Fayt, sin embargo, aprovechó la premiación para descargar los mismos lugares comunes de aquellos que dejan a las instituciones maltrechas, aun desde el discurso republicano. Hoy los políticos se enriquecen, los de ayer eran mejores. Si así fuera, como juez está obligado a denunciarlos con nombre y apellido, pero en honor a la verdad dio la impresión de que Fayt apoyó un prejuicio generalizado, sin precisiones ni evidencias. Tampoco las obtuvo cuando actuó como instructor de la causa por el atentado a la Embajada de Israel, que sigue impune después de 21 años. Al respecto, en una entrevista, él mismo se justificó: “Luego del atentado, hubo algunos pequeños problemas con la comunidad.
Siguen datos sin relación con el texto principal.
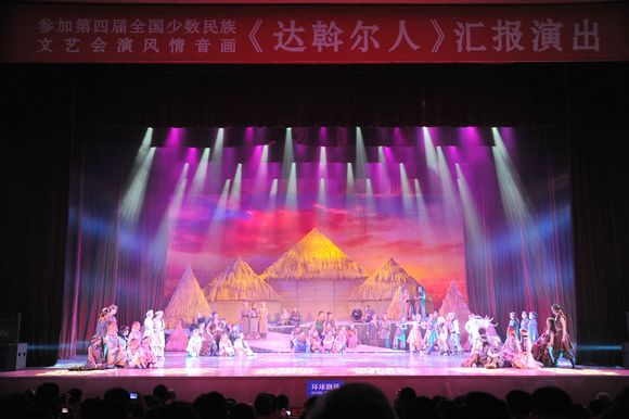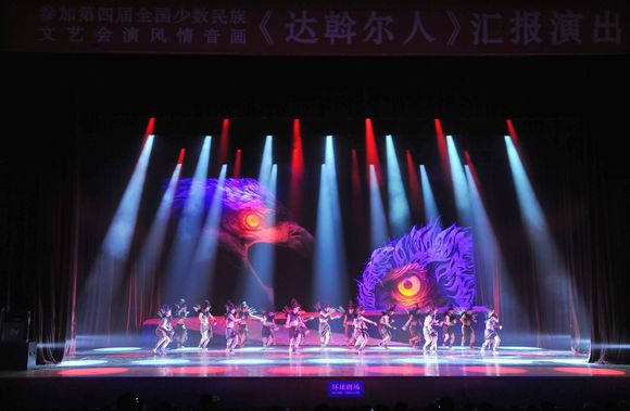 晚7点30分,风情音画《达斡尔人》在达斡尔族老爸吟唱“乌钦”的悠扬曲调中拉开了帷幕。整部作品分上篇“英勇的达斡尔”和下篇“勤劳的达斡尔”两部分。上部由民族的图腾——雄鹰开始,分别向广大观众讲述了达斡尔民族抗击外敌侵略、被迫迁徙、兴建家园、民族祈福的厚重历史。下部由生命的图腾——摇篮开始,全景展现达斡尔人的农、牧、渔、猎等生活场景,歌颂了达斡尔人浓郁的生活和幸福情感。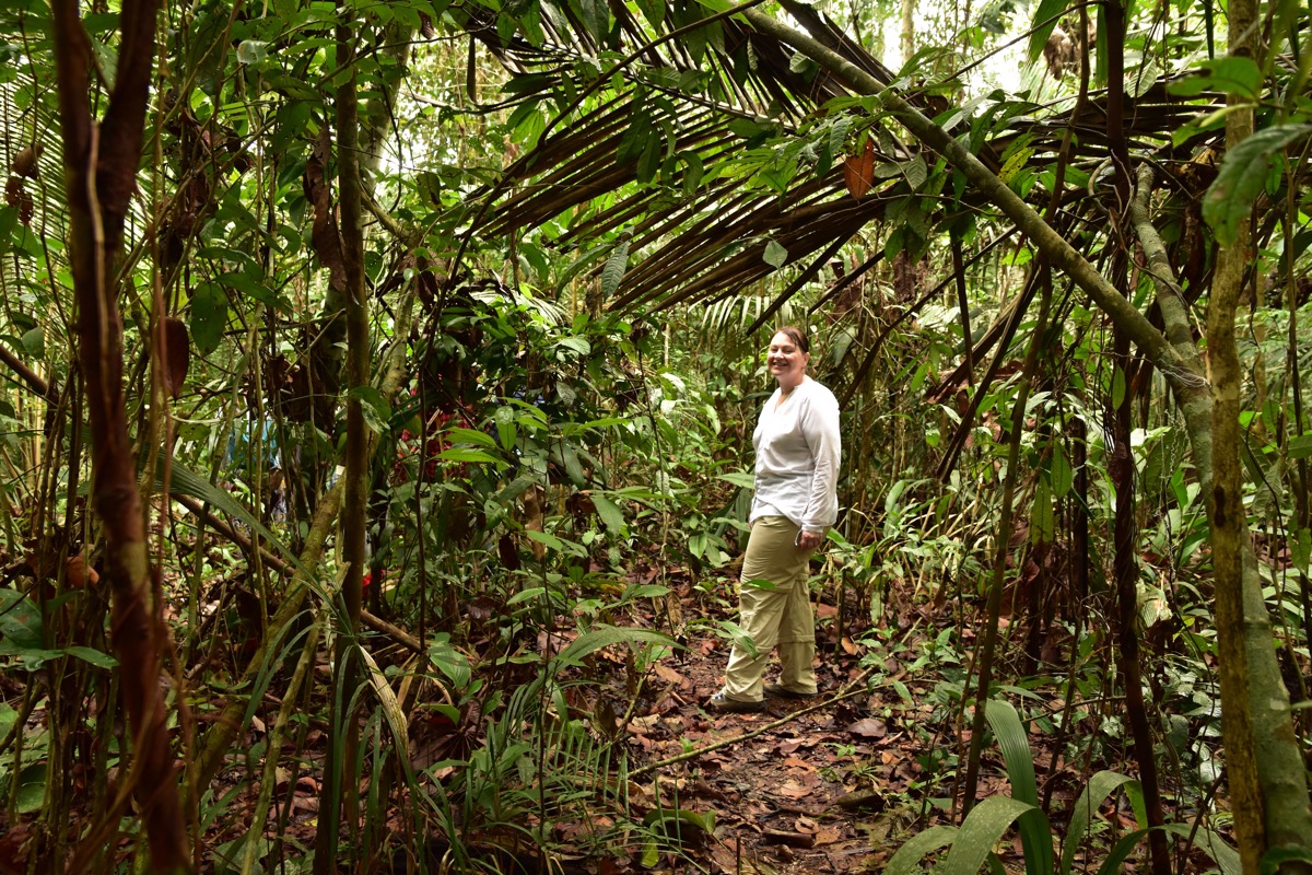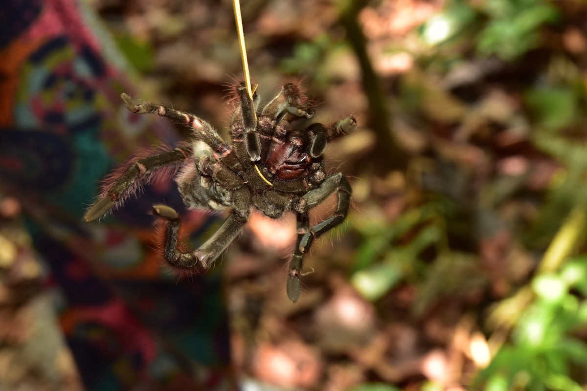 Heute morgen war die Ansage: Lange Klamotten und Wanderschuhe – es geht in den Urwald. Wir sind ca 4h über fast unsichtbare Wege durch den sekundären und primären Wald gelaufen. Nahe des Flusses sind die Bäume noch kleiner weil alles immer mal wieder überflutet wird. An den Bäumen kann man sehen, wie hoch das Wasser in der Regenzeit steigt.Dann geht es weiter in den primären Wald – hier wird der Boden nicht überflutet und alles sieht anders aus. Vereinzelt riesige Bäume, wilde Bananen (da ist natürlich ein Zaun drum, damit sie nicht angreifen), Palmen und allerlei grünes Gestrüpp unterschiedlichster Art (die Biologen unter den Lesern mögen mit verzeihen). Der Guide kennt sich wirklich aus, erklärt alles mögliche und bastelt eine Schlinge aus einer Pflanzenfaser um eine Vogelspinne zu fangen und anschliessend unversehrt wieder freizulassen.

Me cuestionaron por más que hice cuanto pude en la investigación de la Embajada de Israel. Yo no estoy ofendido. Estoy acostumbrado a las ingratitudes (…) De manera que les puedo asegurar que hice lo humanamente posible para que se hicieran las cosas bien, y así se hicieron. Aquella, también, fue una tarea a la que dediqué mucho tiempo y muchas esperanzas, sin pretender nada." Y sin encontrar mucho, tampoco.
 
Alguna vez, Don Arturo Jauretche recordó a un abogado joven que pretendía integrarse a FORJA. Lo escuchó atentamente y después le recomendó alistarse en el socialismo reformista de Nicolás Repetto y Juan B. Justo. Era Carlos Fayt, que le hizo caso. Ese sector del socialismo apoyó luego con proclamas y dirigentes el gobierno de facto surgido del Golpe del '55. Américo Ghioldi, Alicia Moreau de Justo, Repetto y Ramón Muñiz se integraron, incluso, a la Junta Consultiva Nacional convocada por los dictadores para darle una pátina plural al proceso, del que Alfredo Palacios fue embajador en Uruguay. Pese a todo, sus figuras atravesaron las décadas siguientes como portadores de un sano republicanismo. Como Fayt.
 
La historia es así. La ganan los que la escriben. El editorial de La Nación que atribuyó a Perón la culpa del golpe sangriento que sufrió es un buen ejemplo de esta reescritura permanente del pasado a favor del orden conservador. En cualquier otro país, los socialistas que hubieran apoyado un golpe y la proscripción de una mayoría política durante 18 años, dejarían de llamarse socialistas.
 
Pero acá reciben premios de "doctores" y sus pares los saludan al grito de "Maestro".